On the other hand, this electrical continuity is conflicting with safety and functional requirements as the two devices connected at some distance are not necessarily at the same ground potential. Indeed, when there is a potential difference in ground between separated devices, a ground current, commonly referred to as common mode current, will flow through the cable shield which can in turn, interfere with signals, cause a hazard of shock from touching any of the devices, and cause arcing throughout the system. Therefore, the connection between the cable shield and any device part at the ground potential, should feature a high impedance at the industrial frequencies (DC to a few hundreds Hertz and typically 50/60 Hertz). In the prior art, a well-known technique to meet such conflicting requirements consists in soldering one or several capacitors on the matching connector of any to-be-connected device, so as to ensure capacitance between the shield of a plugged-in connector of a cable, and a part (usually the metal frame) of the connected device at the local ground potential. This technique however has the main following drawbacks:
The soldering of capacitors on a connector is neither technically easy nor cheap to realize in a manufacturing line.

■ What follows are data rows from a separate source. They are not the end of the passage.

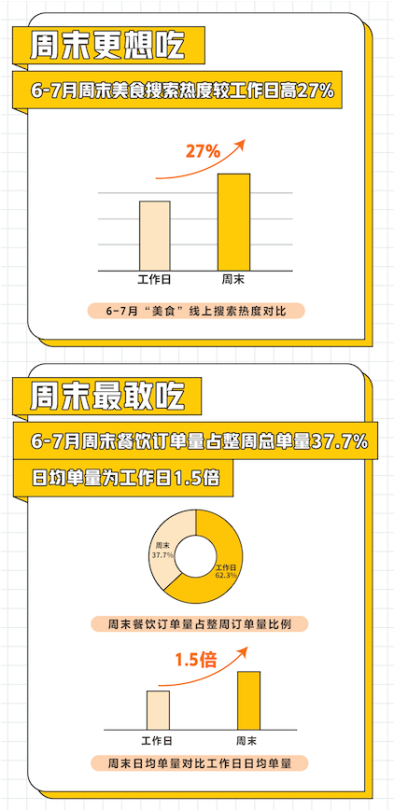 據(jù)美團(tuán)點(diǎn)評(píng)餐飲學(xué)院發(fā)布的《2020周末餐飲堂食消費(fèi)趨勢洞察》顯示,疫情恢復(fù)期,餐飲堂食消費(fèi)活力回歸,周末餐飲消費(fèi)對(duì)整個(gè)餐飲市場復(fù)蘇助力明顯。美團(tuán)6-7月線上美食搜索熱度中,周末的搜索熱度較工作日高出27%;周末餐飲線上訂單量占整周總單量的37.7%,日均單量為工作日的1.5倍。周末餐飲消費(fèi)拉動(dòng)經(jīng)濟(jì)復(fù)蘇,正在成為驅(qū)動(dòng)消費(fèi)的新引擎。
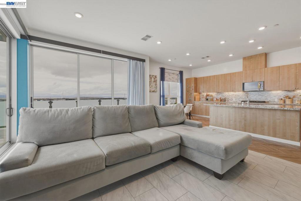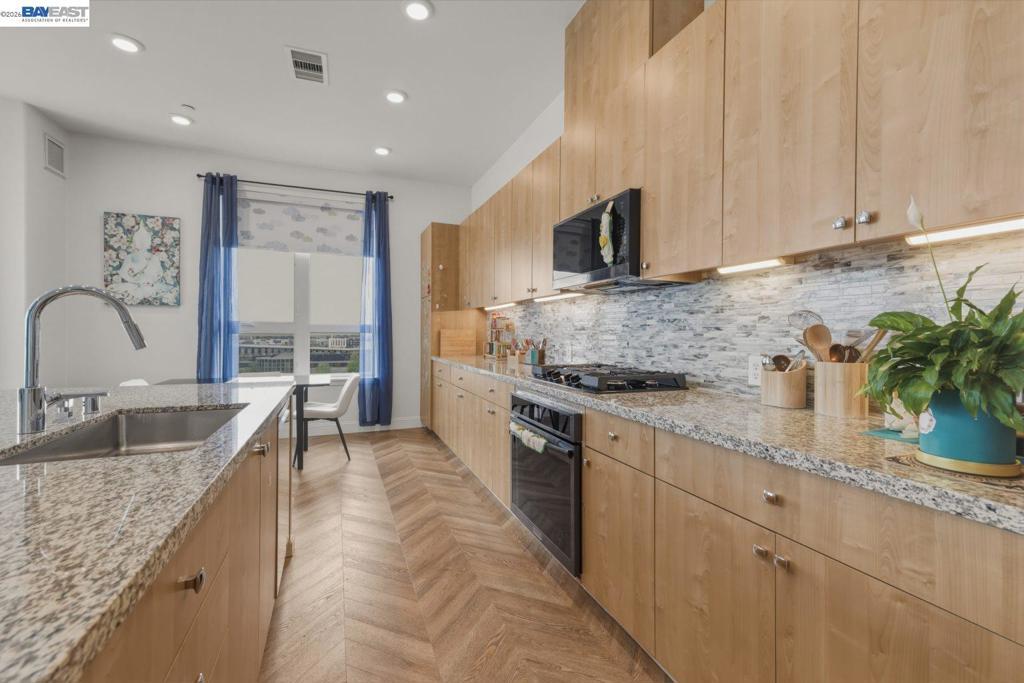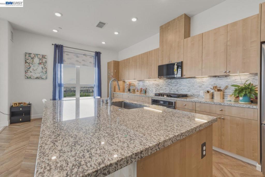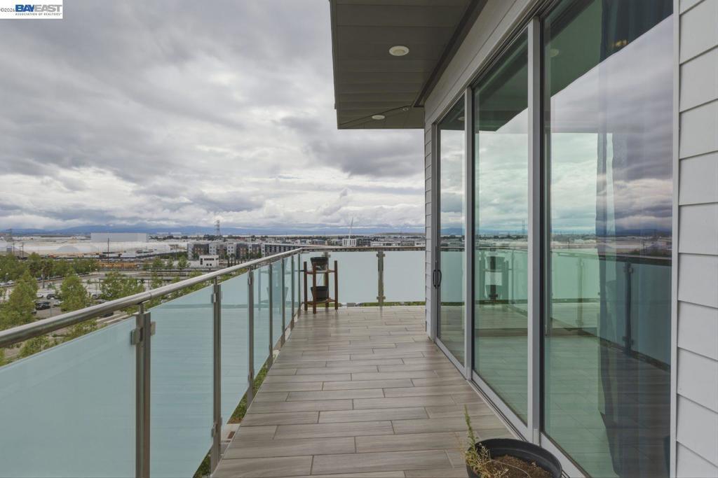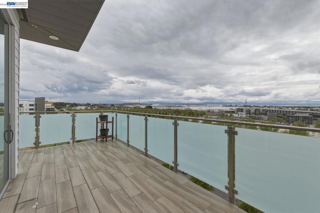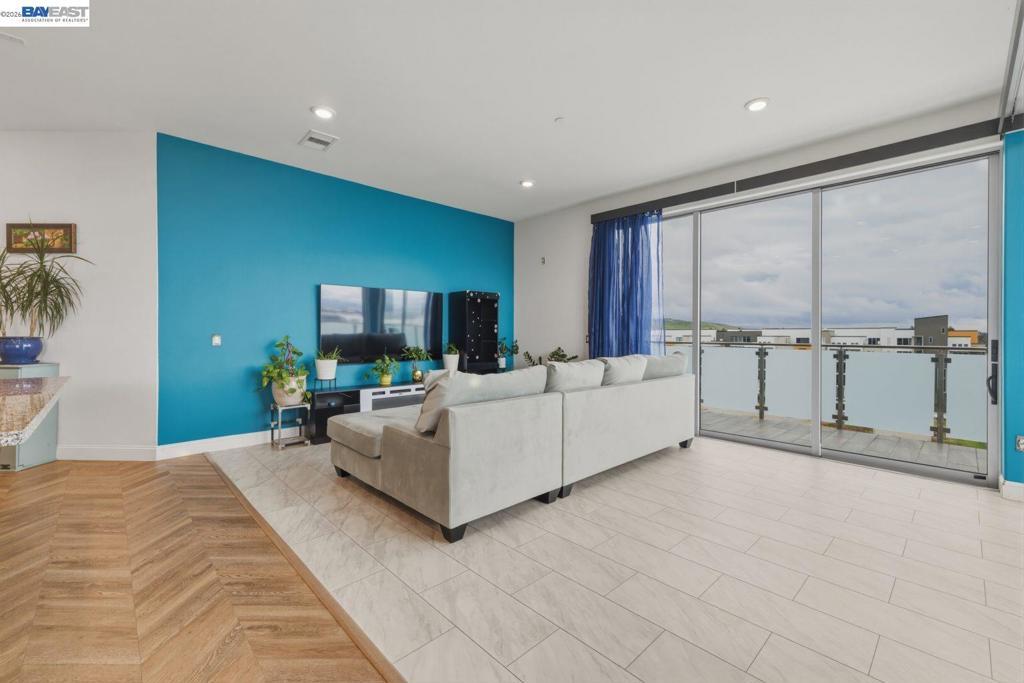 Soaring above the city, this light-filled Top floor corner penthouse showcases panoramic hillside views and a seamless indoor-outdoor lifestyle. Floor-to-ceiling windows flood the space with natural light, while the expansive wraparound balcony offers the perfect setting to relax or entertain. The open-concept design connects the kitchen, dining, and living areas, creating a spacious and inviting atmosphere. A smart split-bedroom layout ensures privacy, with a luxurious primary suite featuring a walk-in closet, dual vanities, and a large walk-in shower. A secondary suite works perfectly as an office or guest room, while the third oversized bedroom is privately positioned—ideal for extended family or visitors. Upgrades include recessed lighting, A/C, in-unit laundry, and generous storage. Two secure garage parking spaces with a community EV charger for added convenience. Community amenities include a pool, spa, fitness center, clubhouse, BBQ areas, and landscaped courtyards with walking paths. Prime location near BART, freeways, Mission Peak, shopping, dining, and major tech hubs.
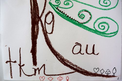 See the I? the I is quite big and bold because that’s me – “I Am,” and it’s this heart again arohanui (Molly points to her moko), arohanui comes from the heart, soul, mauritau is the holding you together, manawanui is being courageous, the big heart… and I’m saying, yes, it’s time to go home and have a rest and I’m at the end going Ae, home time,” In a later conversation Molly described how for her nature and art are one, “My whole childhood was based on art; I was surround by art. We grew up in the bush with artwork in the leaves, in the shapes and colours of different leaves. Also, in the meeting houses on the marae with tukutuku and carvings from my ancestors.”
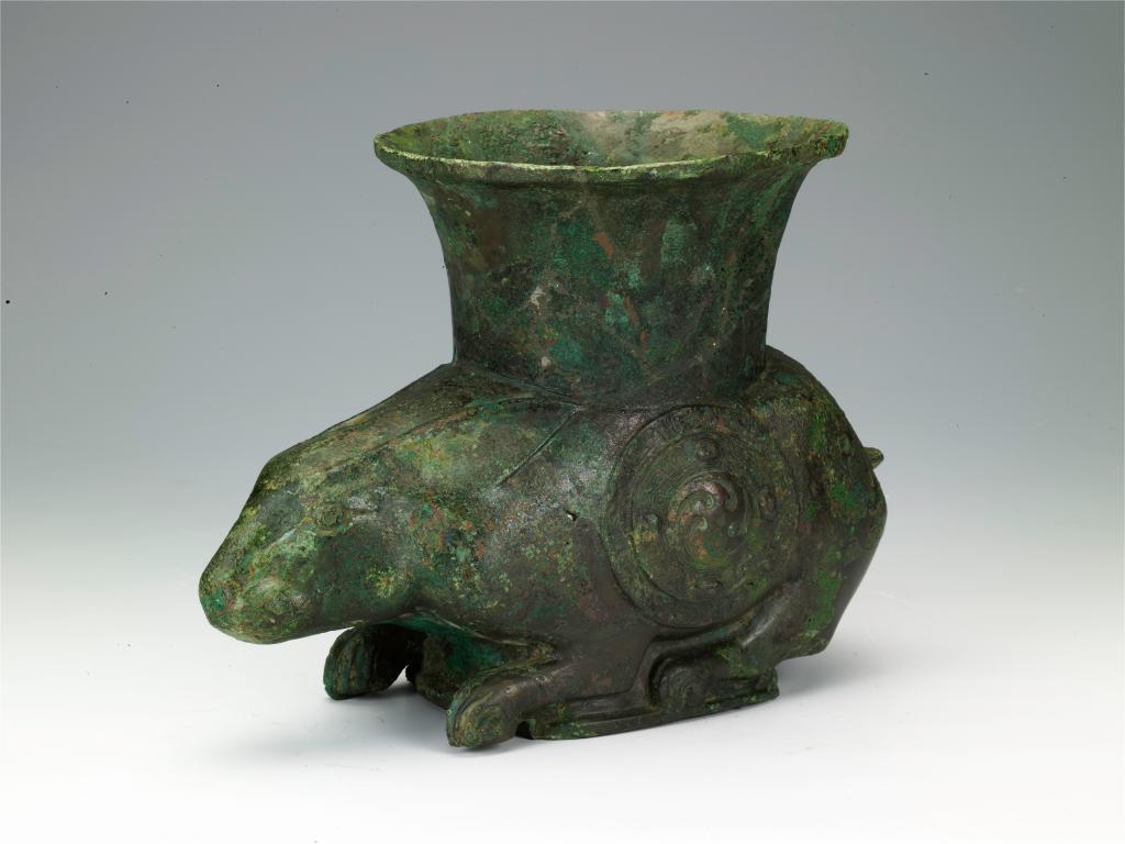 這是晉獻(xiàn)侯墓出土的背上立喇叭形口的青銅兔尊。山西省晉國博物館供圖
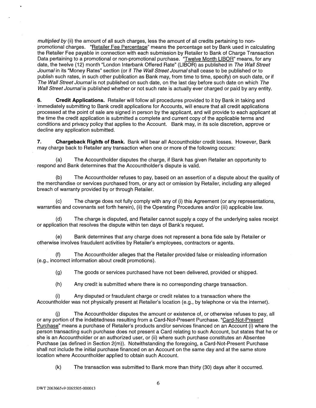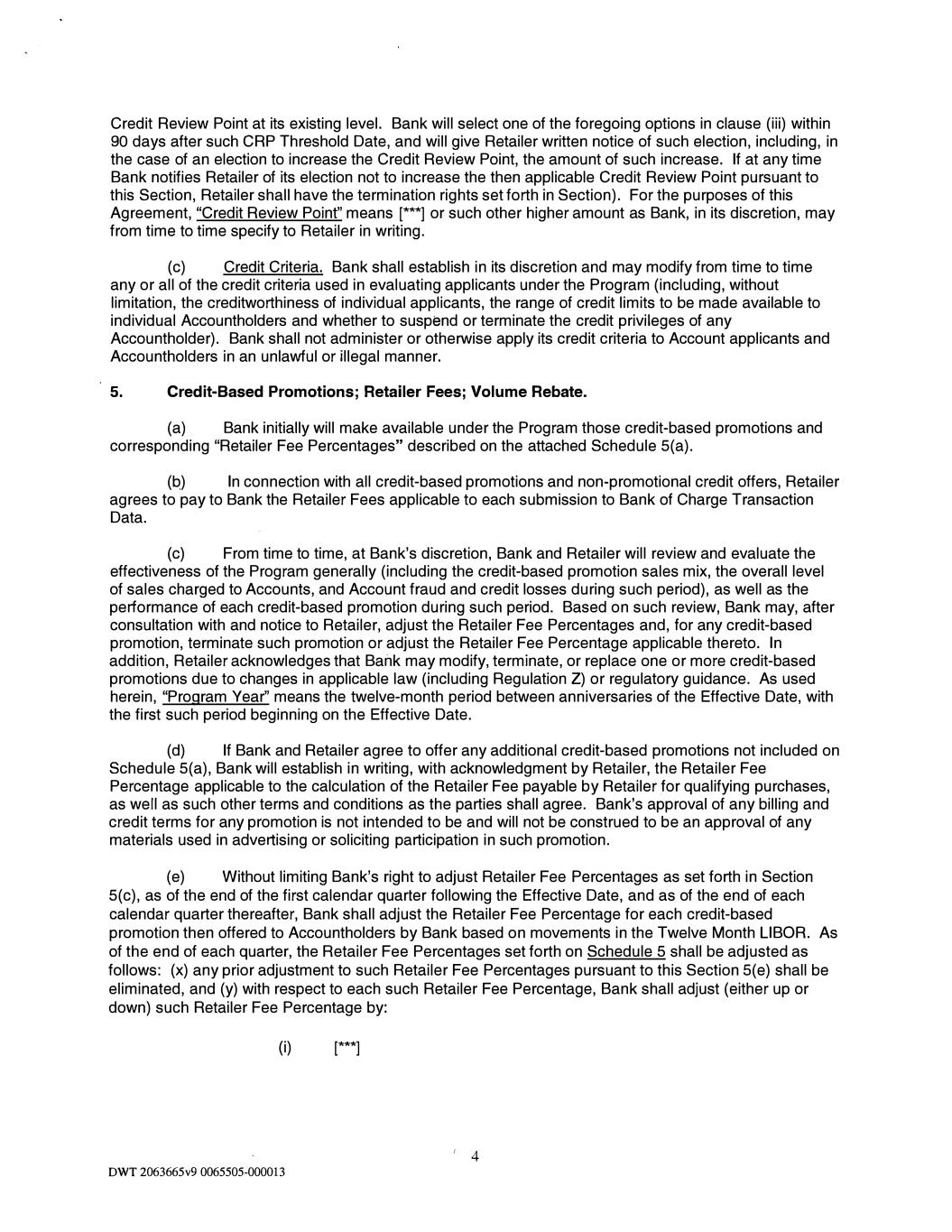 Credit Review Point at its existing level. Bank will select one of the foregoing options in clause (iii) within 90 days after such CRP Threshold Date, and will give Retailer written notice of such election, including, in the case of an election to increase the Credit Review Point, the amount of such increase. If at any time Bank notifies Retailer of its election not to increase the then applicable Credit Review Point pursuant to this Section, Retailer shall have the termination rights set forth in Section). For the purposes of this Agreement, "Credit Review Point" means [***] or such other higher amount as Bank, in its discretion, may from time to time specify to Retailer in writing. (c) Credit Criteria. Bank shall establish in its discretion and may modify from time to time any or all of the credit criteria used in evaluating applicants under the Program (including, without limitation, the creditworthiness of individual applicants, the range of credit limits to be made available to individual Accountholders and whether to suspend or terminate the credit privileges of any Accountholder). Bank shall not administer or otherwise apply its credit criteria to Account applicants and Accountholders in an unlawful or illegal manner. 5. Credit-Based Promotions; Retailer Fees; Volume Rebate. (a) Bank initially will make available under the Program those credit-based promotions and corresponding "Retailer Fee Percentages" described on the attached Schedule 5(a). (b) In connection with all credit-based promotions and non-promotional credit offers, Retailer agrees to pay to Bank the Retailer Fees applicable to each submission to Bank of Charge Transaction Data. (c) From time to time, at Bank's discretion, Bank and Retailer will review and evaluate the effectiveness of the Program generally (including the credit-based promotion sales mix, the overall level of sales charged to Accounts, and Account fraud and credit losses during such period), as well as the performance of each credit-based promotion during such period. Based on such review, Bank may, after consultation with and notice to Retailer, adjust the Retailer Fee Percentages and, for any credit-based promotion, terminate such promotion or adjust the Retailer Fee Percentage applicable thereto. In addition, Retailer acknowledges that Bank may modify, terminate, or replace one or more credit-based promotions due to changes in applicable law (including Regulation Z) or regulatory guidance. As used herein, "Program Year" means the twelve-month period between anniversaries of the Effective Date, with the first such period beginning on the Effective Date. (d) If Bank and Retailer agree to offer any additional credit-based promotions not included on Schedule 5(a), Bank will establish in writing, with acknowledgment by Retailer, the Retailer Fee Percentage applicable to the calculation of the Retailer Fee payable by Retailer for qualifying purchases, as well as such other terms and conditions as the parties shall agree. Bank's approval of any billing and credit terms for any promotion is not intended to be and will not be construed to be an approval of any materials used in advertising or soliciting participation in such promotion. (e) Without limiting Bank's right to adjust Retailer Fee Percentages as set forth in Section 5(c), as of the end of the first calendar quarter following the Effective Date, and as of the end of each calendar quarter thereafter, Bank shall adjust the Retailer Fee Percentage for each credit-based promotion then offered to Accountholders by Bank based on movements in the Twelve Month LIBOR. As of the end of each quarter, the Retailer Fee Percentages set forth on Schedule 5 shall be adjusted as follows: (x) any prior adjustment to such Retailer Fee Percentages pursuant to this Section 5(e) shall be eliminated, and (y) with respect to each such Retailer Fee Percentage, Bank shall adjust (either up or down) such Retailer Fee Percentage by: (i) [***] 4 DWT 2063665v9 0065505-000013

Strain on the connector (plug-in, plug-out) might later affect the quality of the soldering.
The capacitors are not geometrically concentric with the cable internal wires, so that mutual coupling between the cable shield and wires is degraded ("pig tail" effect), and the overall shielding effect is ruined. Therefore, especially at high frequencies such as above 10 Megahertz MHZ), influence of RFI is such that corruption of the signals exchanged over the cable is not acceptable or emission exceeds the norms that are to be satisfied.
The present invention overcomes the above problems by providing a capacitive cable adapter that allows to fully meet electrical requirements regarding radio frequency interference and safety for a connection between two electrical devices.
It is an object of the present invention to provide an improved capacitive cable adapter for providing ground of the same potential at high frequencies for interconnected electrical devices while complying with safety requirements and providing efficient RFI prevention.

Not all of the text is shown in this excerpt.